基于纳米材料的无源RFID温度传感器设计

射频识别(RFID)技术与传感器的一体化设计,具有数据采集便捷和部署方便等优点,在智慧农业和食品溯源监测领域具有潜在应用价值。提出一种基于氧化锌(ZnO)/还原氧化石墨烯(RGO)的无源RFID一体化温度传感器设计,传感器天线和电极主要采用微带贴片天线制作,天线及电极结构通过HFSS软件进行仿真设计及优化,然后利用热转印技术在环氧树脂覆铜板上通过化学刻蚀制备图形化电极;传感器的温敏材料为水热法制备的ZnO/RGO纳米复合材料。ZnO/RGO温敏材料阻抗随环境温度发生变化,从而引起RFID射频谐振中心频点偏移,以射频回波损耗和归一化频移来度量环境温度的变化,在10℃~60℃量程范围内,该传感器的温度灵敏度可达0.86 dB/℃,线性度R2=0.99。

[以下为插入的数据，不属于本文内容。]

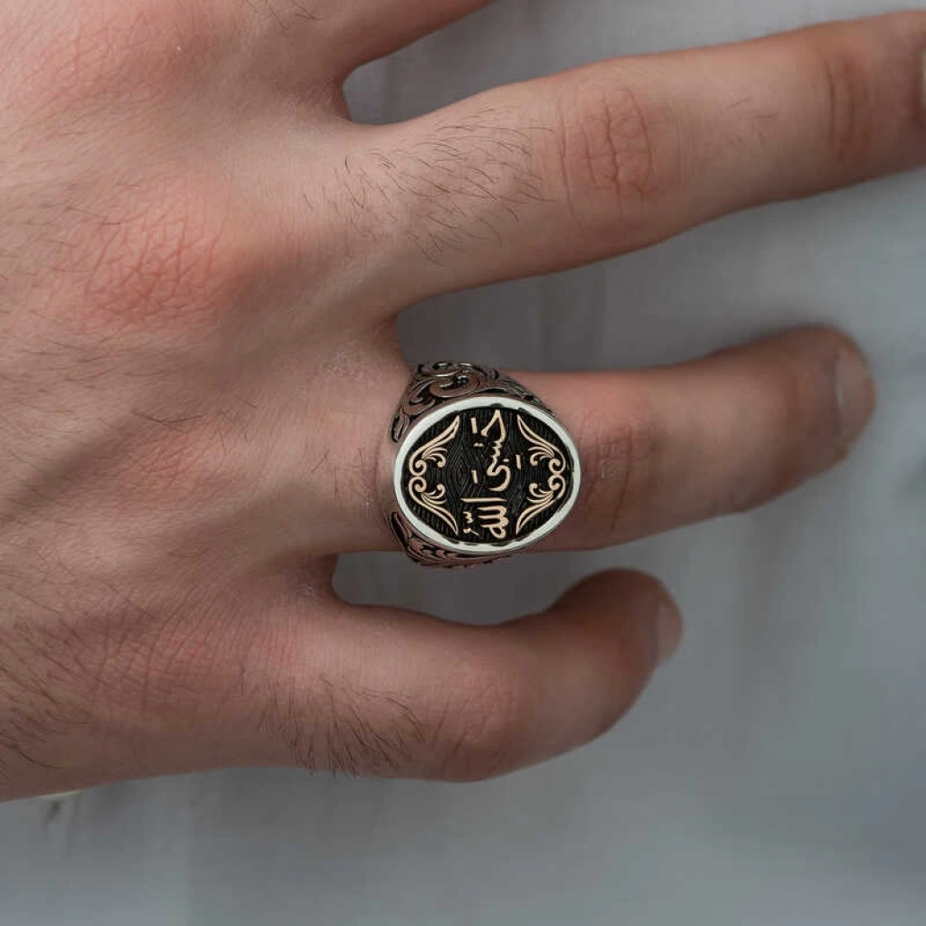 Gümüş Arapça Hasbiyallah Yazılı Erkek Yüzük

BiOBr-OV/RGO复合物的制备及其光催化CO_(2)还原性能

采用水热合成方法先制得四方相BiOBr纳米片与还原氧化石墨烯(RGO)相结合的二元复合物BiOBr/RGO,再经真空热处理获得富含氧空位(OV)的复合光催化剂BiOBr-OV/RGO。通过一系列分析测试方法对样品的结构、组成和光电性能进行了表征。BiOBr-OV/RGO表现出了最佳的模拟太阳光光催化CO_(2)还原活性,主要还原产物CO的生成速率达到15.67μmol·g^(-1)·h^(-1),分别是纯BiOBr、BiOBr-OV和BiOBr/RGO的4.5倍、2.5倍和1.4倍,体现了OV和RGO协同增强的可见光吸收和促进光生载流子在空间上的分离作用,从而提高光催化反应活性。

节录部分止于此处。